The largest group of selected features is the histone modification features (32 features), followed by the methylation features (15 features) (Additional File 1). The selected features underscore the importance of histone epigenetic modification in the regulation of gene expression. Likewise, the importance of methylation features is evident, especially for the featured arising from TSS, 5' UTR and first exons. Interestingly, several methylation features (TSS1500_avgMval, first_exon_avgMval and UTR5_avgMval) are clustered with histone modification features, suggesting collinearity between these two types of features, as shown by others [28, 29].

On the other hand, when features are categorized by location relative to the transcripts (Additional File 1), the TSS200 has the most number of features (13 features), and TSS1500 has 6 features selected for this region. Together, the promoter comprises 28% of all the selected features. This confirms the previously well-known importance of the promoter region for the epigenetic regulation of gene expression [30, 31]. Additionally, CDS has the second highest number of features being selected, highlighting its significance in regulating gene expression [30].

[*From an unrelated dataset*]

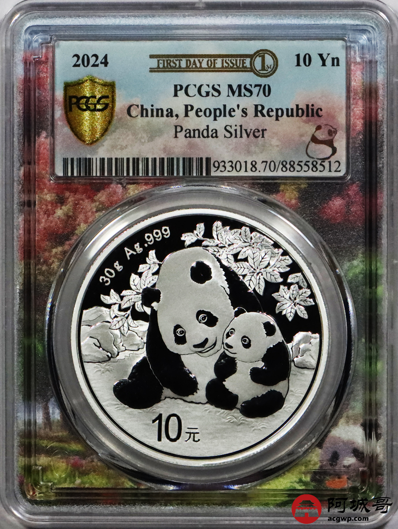 Lot:108 2024年熊猫币10元银币 初打标签 “亲情盛开” PCGS MS70

We also calculated the correlation of each feature to gene expression and plotted the top 15 features most relevant to gene expression prediction (Figure 3B). None of the features have correlations higher than 0.45, suggesting that no single feature is a dominant predictor for gene expression. These features are either histone modification (11 features) or methylation features (4 features), consistent with the previous observation on the significance of these two types of features.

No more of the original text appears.